GIVEN DATA »

┄┄┄┄┄┄┄┄┄┄┄┄┄┄┄┄┄┄┄┄

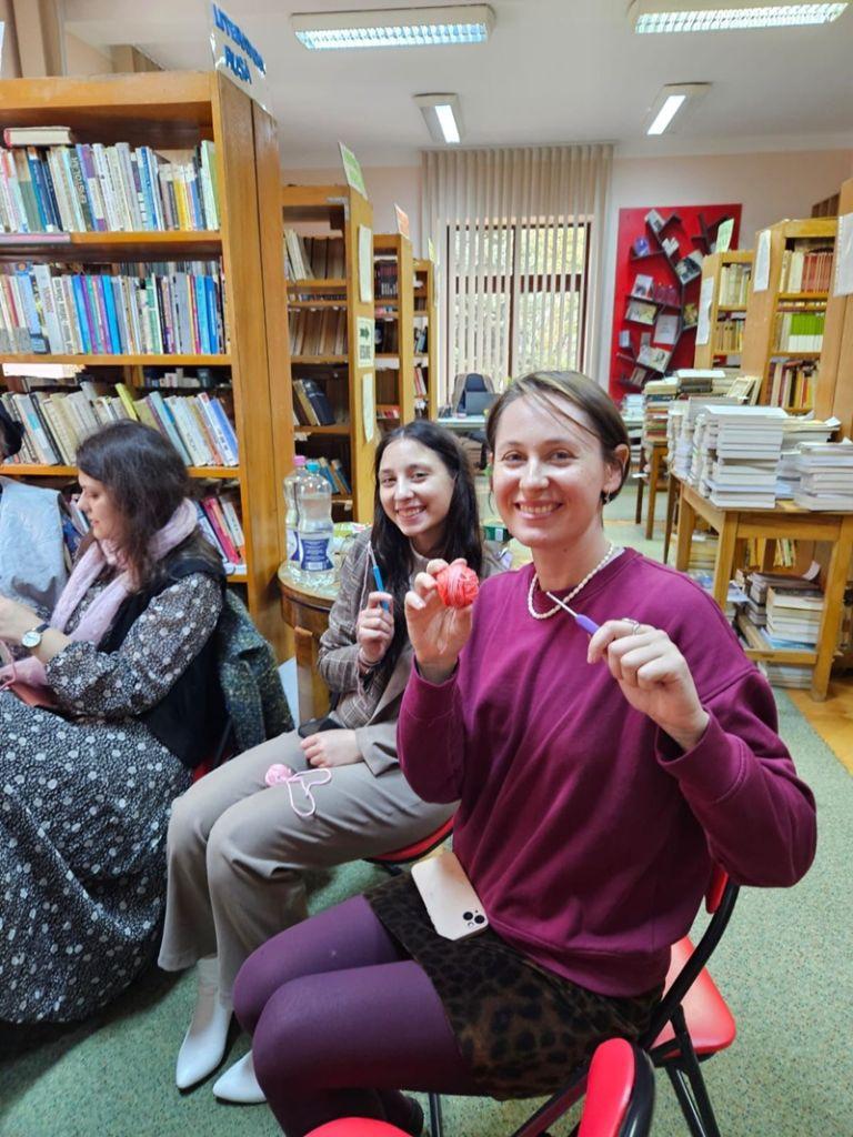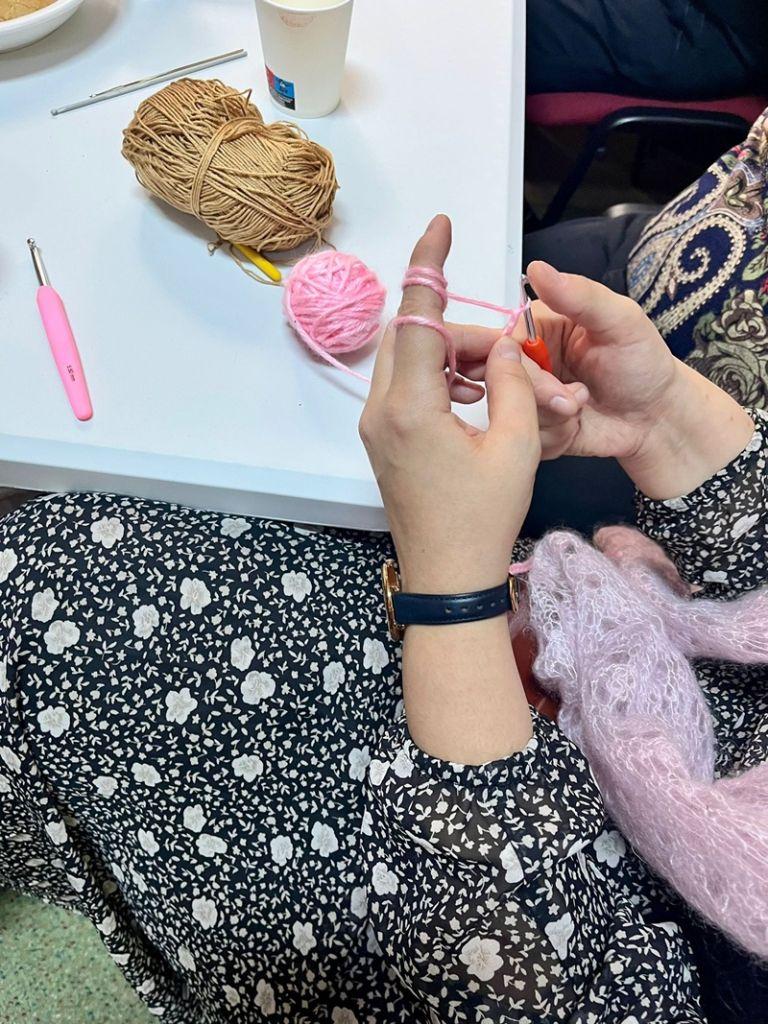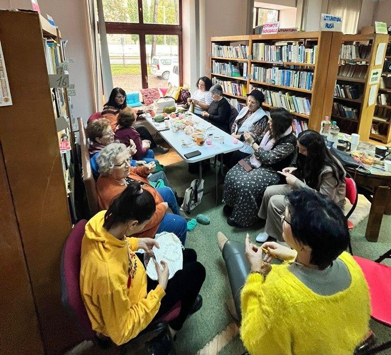 Deși titlul de „șezătoare” i-a îndemnat să și imagineze o simplă adunare, un cerc de lectură, voluntarii bibliotecii au fost luați prin surprindere de ceea ce urmau să desfășoare: un curs de croșetare. Aceștia, nefiind lăsați să se arunce de unii singuri într o provocare dificilă, în ajutorul lor au venit un grup de doamne, care, înzestrate cu acest talent, și au expus creațiile în fața adolescenților încurajându-i și îndemnându-i prin răbdare și delicatețe să învețe să se coordoneze, să croșeteze.
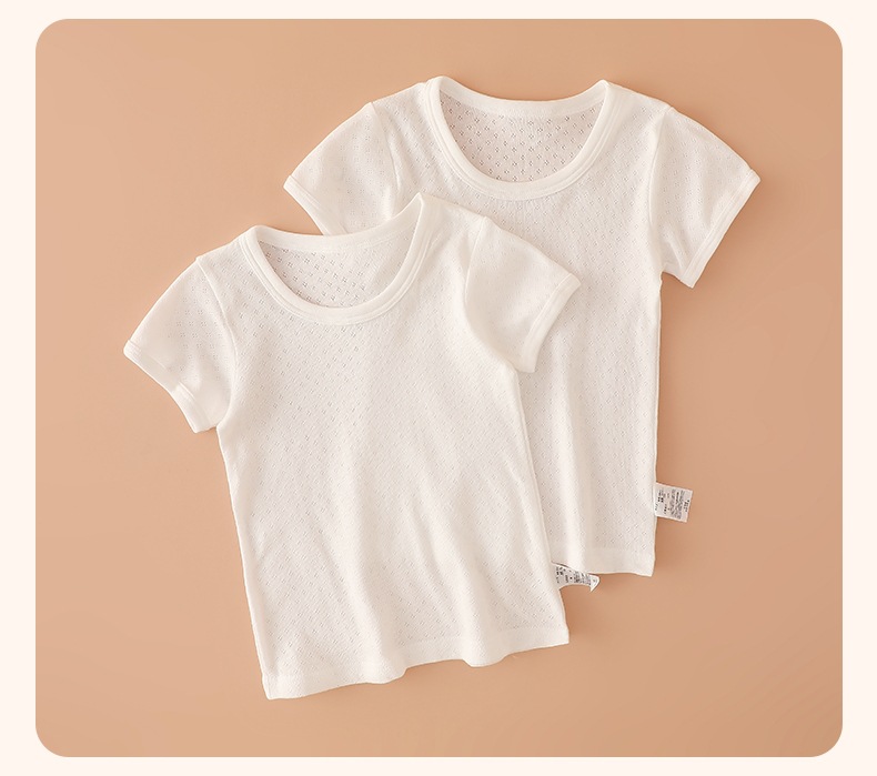 2 조각 여름 얇은 메쉬 어린이 짧은 소매 티셔츠 둥근 목 유치원 아기베이스 셔츠 소년 소녀 면 반 소매
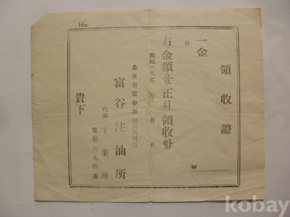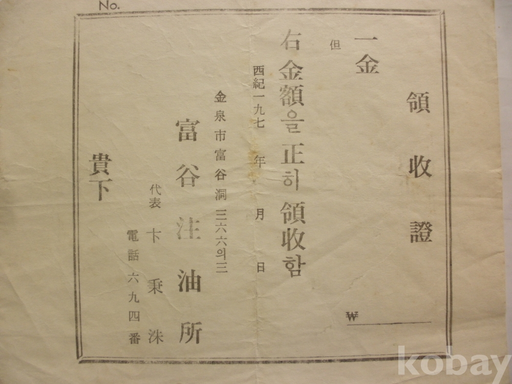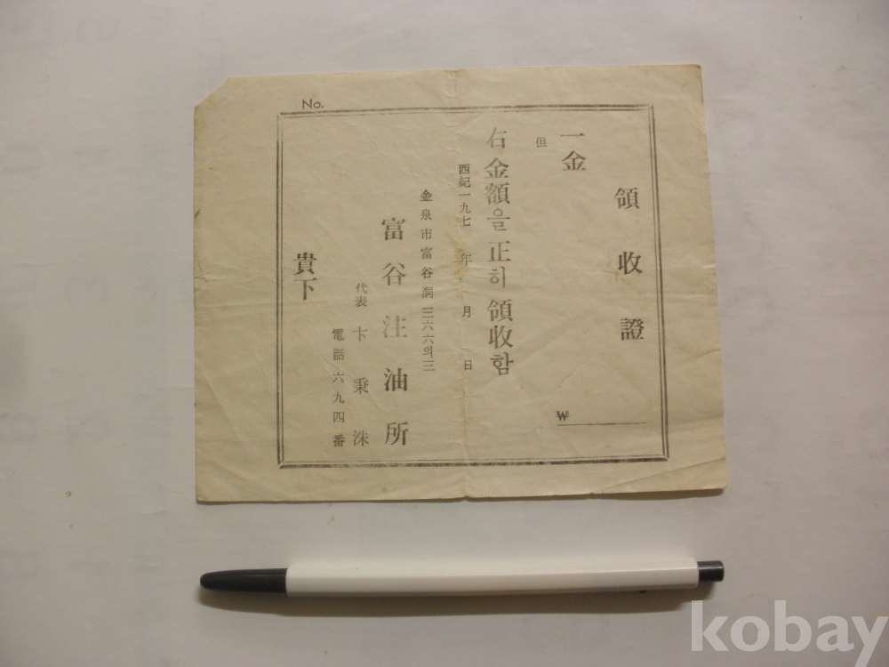 김천시 부곡주유소 - 영수증 (1970년대)

┄┄┄┄┄┄┄┄┄┄┄┄┄┄┄┄┄┄┄┄

TASK PROMPT »
Pictures aside, reproduce all of the material above without alteration.

THE COMPLETED TASK »
 Deși titlul de „șezătoare” i-a îndemnat să și imagineze o simplă adunare, un cerc de lectură, voluntarii bibliotecii au fost luați prin surprindere de ceea ce urmau să desfășoare: un curs de croșetare. Aceștia, nefiind lăsați să se arunce de unii singuri într o provocare dificilă, în ajutorul lor au venit un grup de doamne, care, înzestrate cu acest talent, și au expus creațiile în fața adolescenților încurajându-i și îndemnându-i prin răbdare și delicatețe să învețe să se coordoneze, să croșeteze.
 2 조각 여름 얇은 메쉬 어린이 짧은 소매 티셔츠 둥근 목 유치원 아기베이스 셔츠 소년 소녀 면 반 소매
 김천시 부곡주유소 - 영수증 (1970년대)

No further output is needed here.